Si nous prenons une comparaison : la dette grecque s’élevait en 2009 avant le prêt de sauvetage du FMI et de l’UE (Commission européenne, États membres de la zone euro et BCE) à environ 126 % du PIB ; au début 2015 avant que le parti de gauche Syriza arrive au gouvernement, la dette représentait 180% du PIB ; en 2020, elle a atteint 206% et au début 2023 environ 171%. En chiffres absolu, la dette publique grecque avant l’aide du FMI et de l’UE s’élevait à 301 milliards € ; en 2015, après 5 ans de prêts du FMI et de l’UE elle atteignait 311 milliards € et, au début 2023, elle a atteint 356 milliards €. En résumé, les soi- disant aides de l’UE et du FMI sous formes de prêts sont des cadeaux empoisonnés qui maintiennent le pays sous la férule des créanciers[2].
La conclusion pour la Grèce et pour l’Ukraine : la soi-disant aide financière sous forme de crédits représente un coût politique et social très élevé : privatisations qui se font au profit d’entreprises étrangères très souvent ; baisse des salaires ; précarisation des conditions de travail ; législation restreignant l’exercice du droit de grève et de négociation collective,… En plus, la dette augmente et représente en permanence un moyen de pression des créanciers sur les autorités du pays.
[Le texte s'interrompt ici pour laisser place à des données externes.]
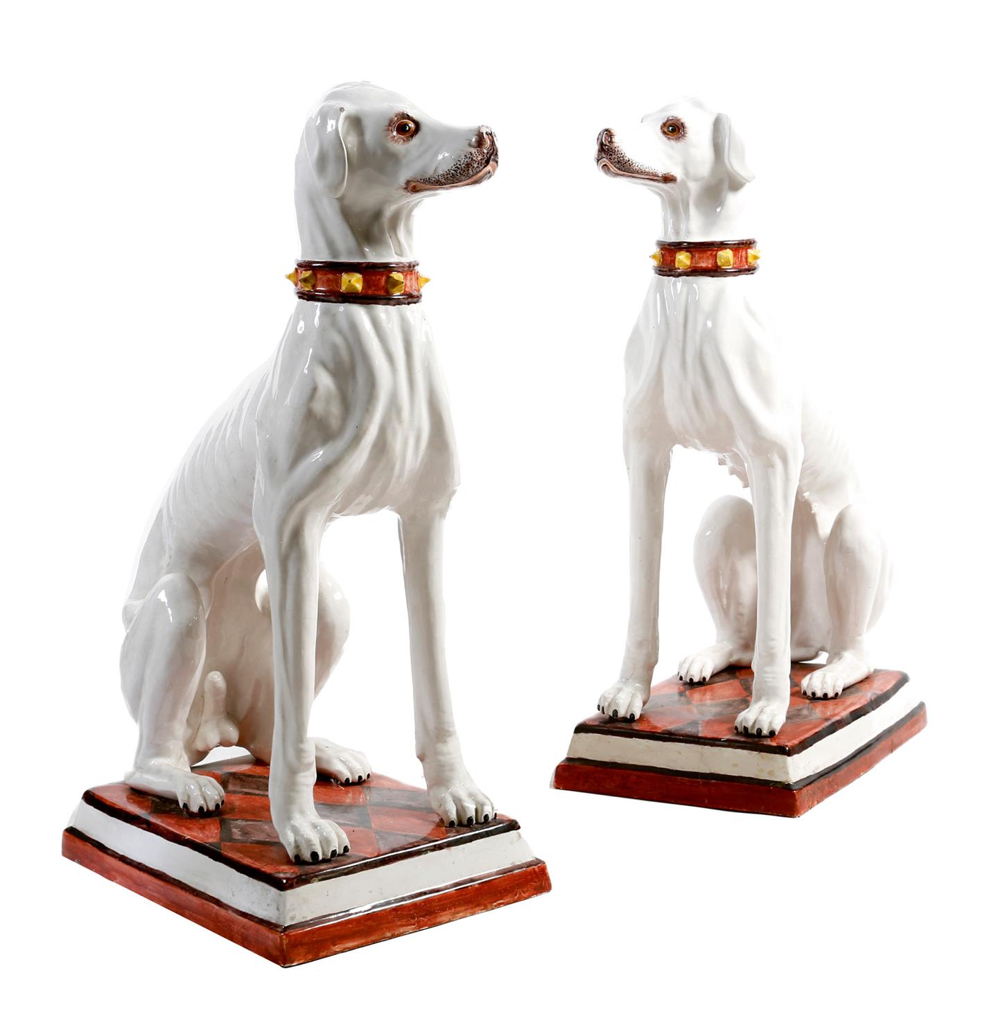 A large pair of faïence pottery models of seated dogs, each with a studded collar, raised on a plinth base, 99.8cm high, 71cm long. (2)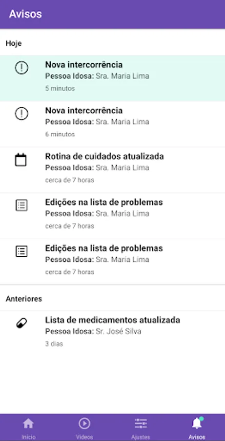 The information recorded by health professionals reflects on the care of the dependent elderly person, as the necessary information for daily care by caregivers/family members is generated. In this way, the applications (Health Professional and Caregiver/Family Member) work in an integrated manner, generating relevant data in the context of the health of the elderly.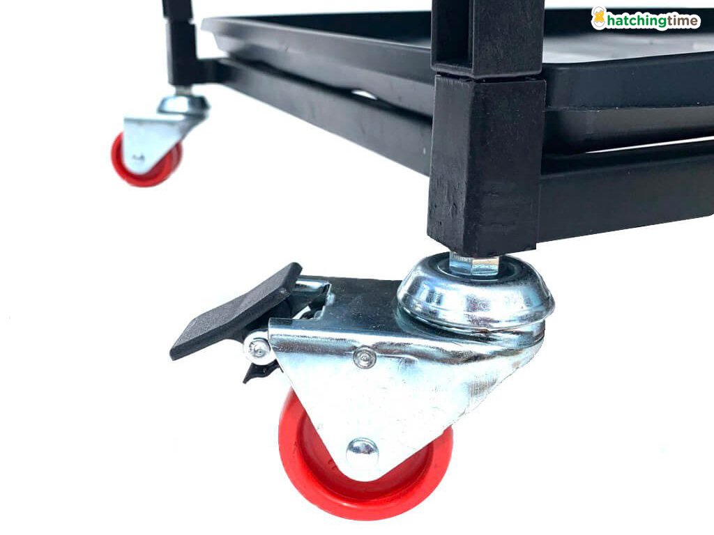 Rozměry složené čtyřpatrové odchovny včetně koleček, nádržky na vodu, ohřevných jednotek a krmítek jsou 104x60x164 cm.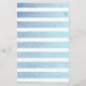 Un fondo de rayas color agua, blanco y azul, para una ducha de bebé con temática de niño. Un conejito bronceado aparece justo por encima del nombre de su homólogo.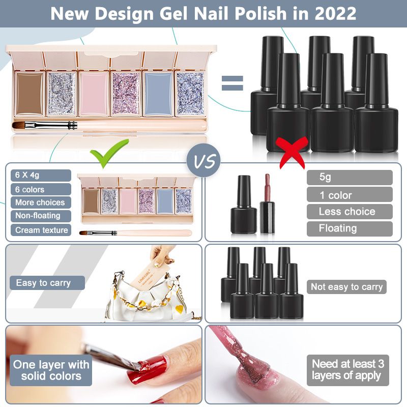 - 【Exclusive Innovative Solid Cream Nail Varnish】 Limegirl Exclusive Innovative 6 in 1 Solid Cream Varnish palette, 4g/0.14oz per color, with High-end professional nail bursh. Each color has an independent inner box to avoid mixing different colors.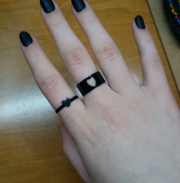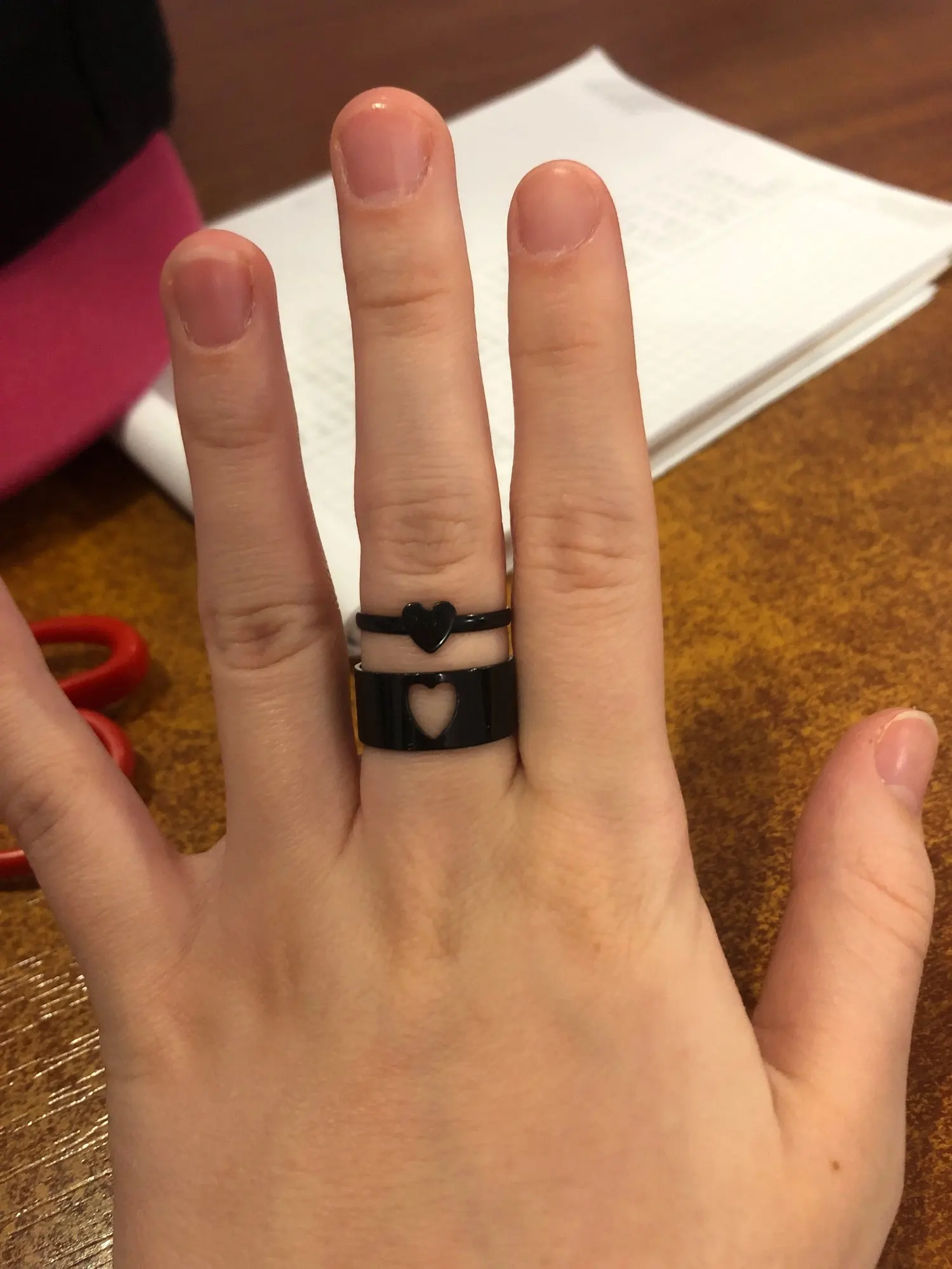 Красивые кольца, единственное что — края немного давят на палец и могут поцарапать. Идеальны, если у вас есть друзья, которым вы хотите подарить. Пришло сравнительно быстро. В целом я довольна покупкой.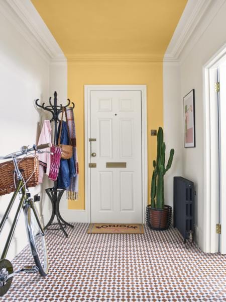 Alternatively, extend your stripe across the entire length of the ceiling, as we’ve done in this bright and breezy hallway. Not only does it make the space feel like it stretches for days – when in fact, it’s quite small and narrow – but painting the stripe in vibrant California Days using Dulux Easycare Washable & Tough makes for a happy entrance as you step through the front door. Creamy Natural Calico on the rest of the ceiling and walls makes the yellow jump for joy while Rich Black on the coat stand adds welcome contrast. With its 2-in-1 formula, using Dulux Simply Refresh Multi-surface meant the paint could be applied directly to the wood for a quick and easy transformation. Bring the outside in with a pot plant or two and add further character with beautiful artwork.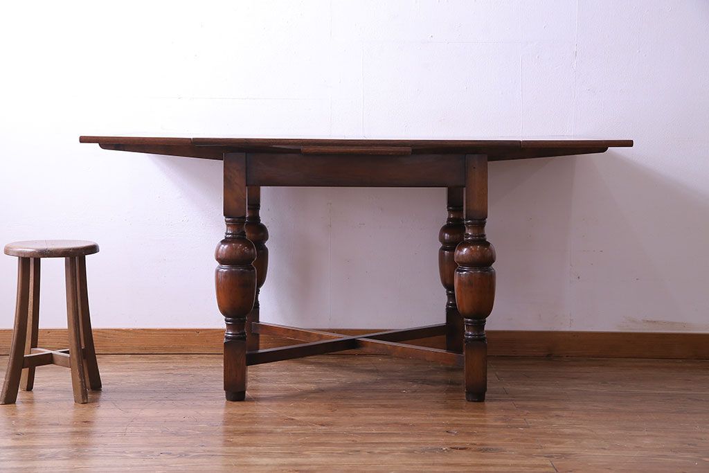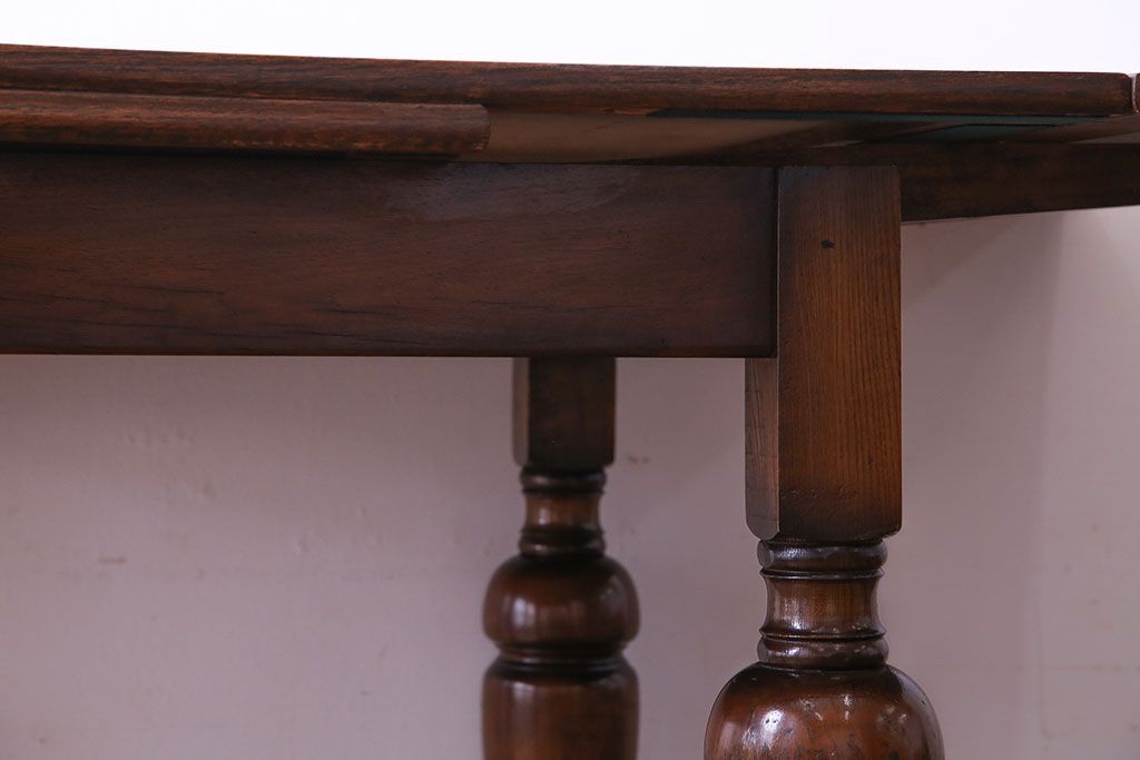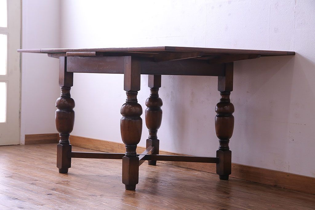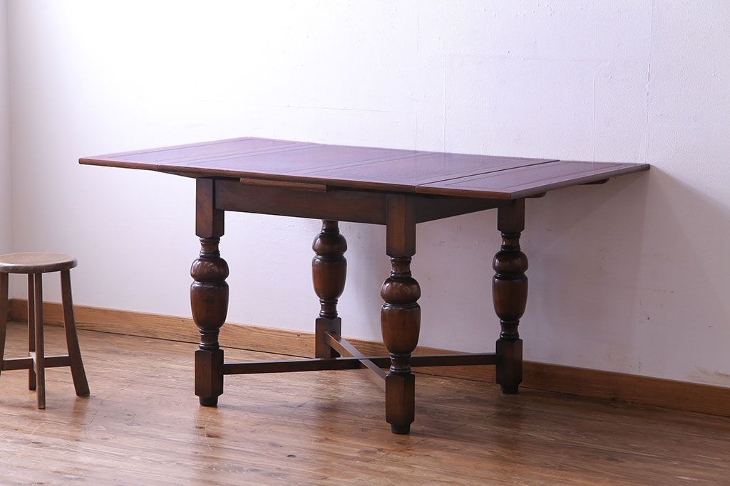 ラフジュ工房> テーブル> 4人用ダイニングテーブル > アンティーク家具 イギリスアンティーク 気品漂うデザインのドローリーフテーブル(エクステンションテーブル、ダイニングテーブル)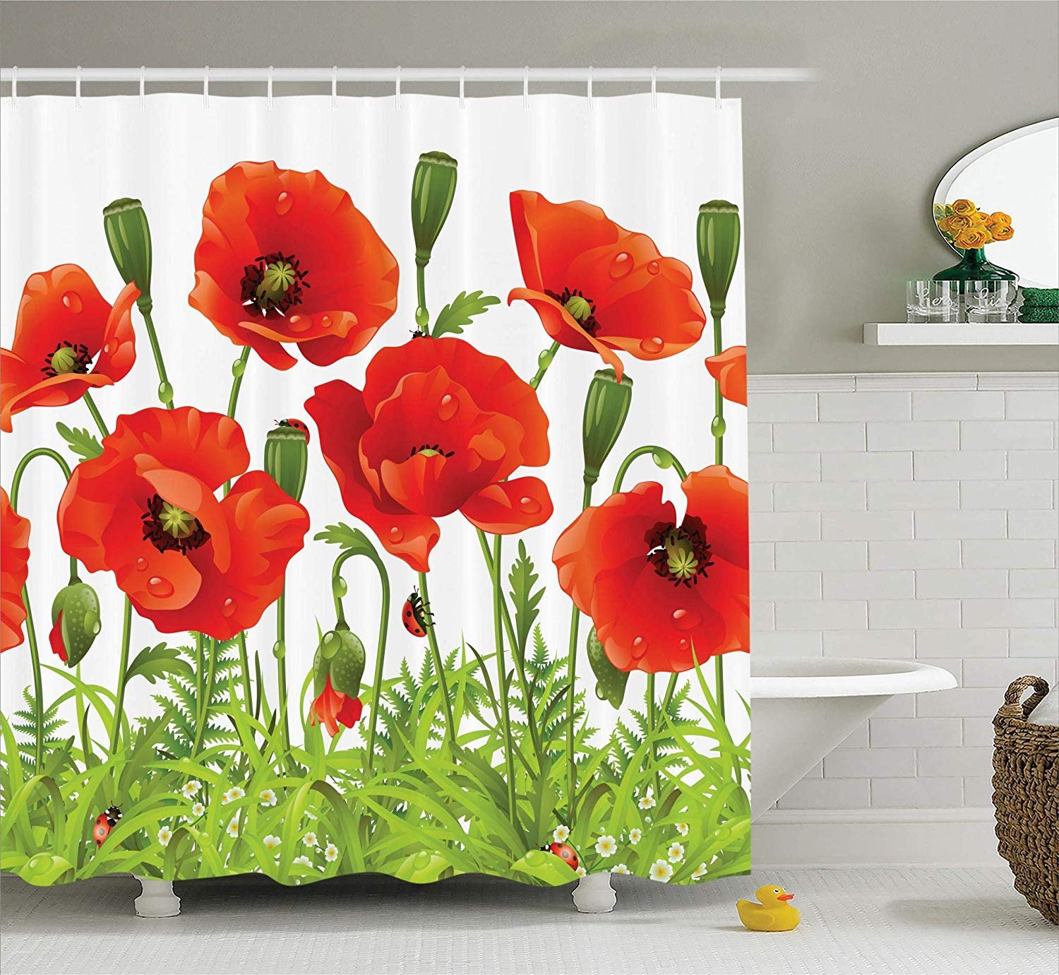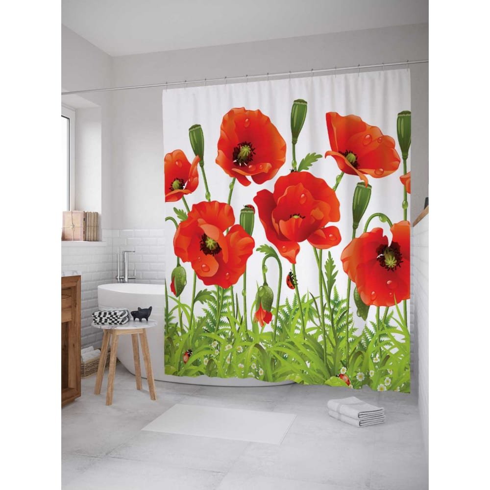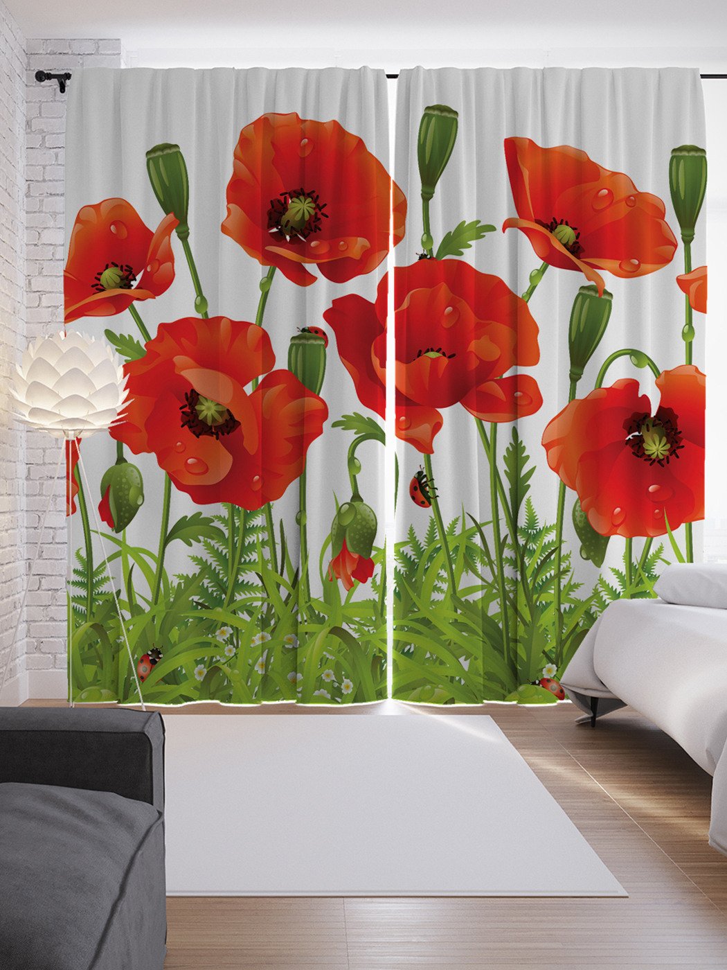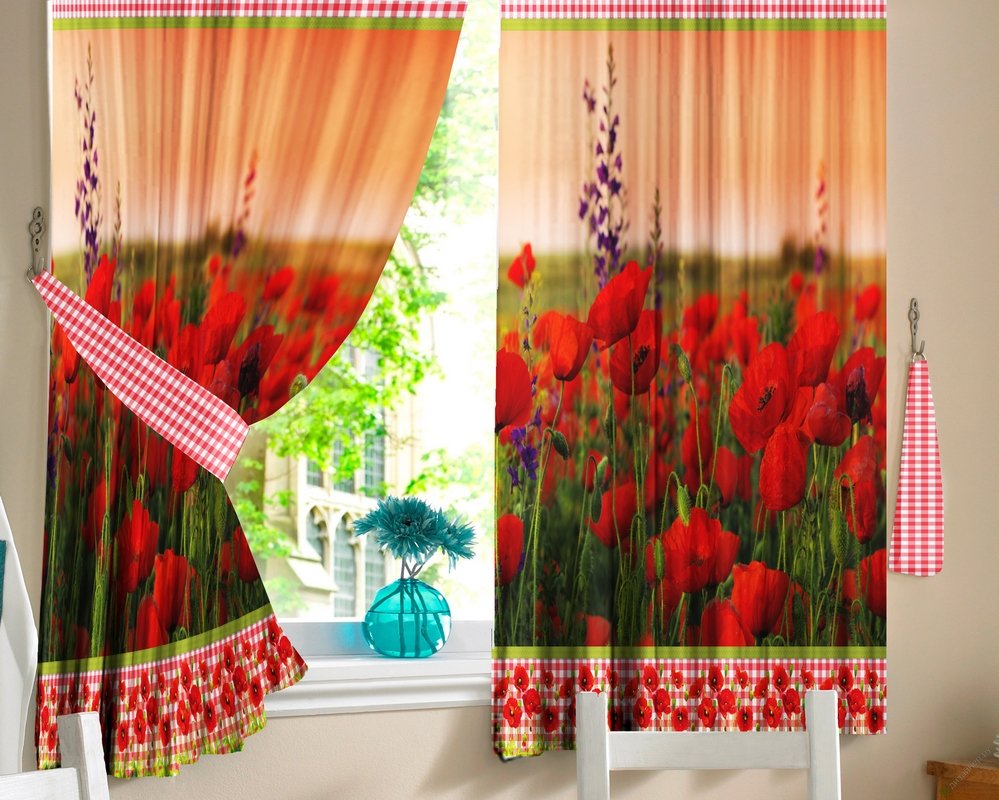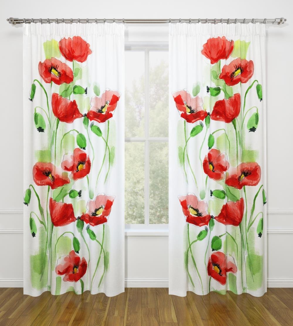 Фотошторы сирень маки на зеленом фоне (03563-ФШ-бл-001 ) на ленте 260 см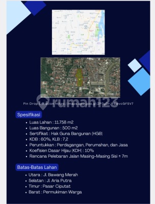 Dijual Tanah bonus rumah 500m2 Strategis Akses mobil besar pinggir jalan Raya Aria Putra lokasi kawasan komersial di Ciputat Tangerang Selatan Harga : 8 jt/meter (nego) Spesifikasi: - Luas Lahan : 11.758 m2 - Luas bangunan : 500 m2 - Sertifikat : SHGB - Legalitas Clean and Clear dijamin 100% Aman - KDB : 60%, KLB: 7,2 - Peruntukan : Perdagangan, Perumahan dan Jasa - Koefisien Dasar Hijau (KDH) : 10% - Rencana pelebaran masing2 sisi 7 meter Batas - batas Lahan: - Utara : Jl Bawang merah. - Selatan : Jl Aria Putra - Timur : Pasar Ciputat - Barat : Permukiman warga Selling point: - Bisa dilewati mobil besar 40 feed - Dekat perbelanjaan - Dekat pasar - Dekat Rumah sakit - Dekat Perkantoran - Dekat Sekolahan - Dekat Transportasi umum - Dekat Pintu tol Cocok buat Perkantoran, Rumah Sakit, Pergudangan, Town house, Restoran, Hotel, Pertokoan dll Hanya untuk langsung pembeli/investor serius (tanpa perantara lain) Minat serius hubungi: P Djaya 0821xxxxxxxx

Du côté des États-Unis, ceux-ci ont fait le choix de reproduire ce qu’ils avaient fait avec le Plan Marshall à la fin des années 1940 pour la reconstruction de l’économie de leurs alliés d’Europe occidentale, à savoir des dons et non des prêts. Jusqu’ici, ils se sont engagés à fournir plus de 73 milliards. L’aide financière qu’ils apportent sous forme de dons est en partie dépensée en achat de produits et de services vendus par des entreprises des États-Unis. Les États-Unis apparaissent comme le bon flic financier à côté des mauvais flics financiers que sont l’UE, le FMI, la Banque mondiale, la BEI (Banque Européenne d’Investissement), la BERD (Banque Européenne pour la Reconstruction et le Développement),…En ce qui concerne le FMI, la Banque mondiale, la BEI et la BERD, il s’agit, tout comme pour l’UE, de prêts remboursables intégralement et sur lesquels s’ajoutent des intérêts importants.Donc il est clair que les aides vont très fortement augmenter la dette de l’Ukraine dans les années à venir. L’augmentation se comptera en dizaines de milliards de dollars mais on ne s’en apercevra que progressivement. D’après mes calculs, concernant les prêts des pays d’Europe occidentale (UE et autres comme la Grande Bretagne), du FMI, de la Banque mondiale et de la BEI, la dette à l’égard de ces créanciers augmentera d’au moins 50 milliards de dollars.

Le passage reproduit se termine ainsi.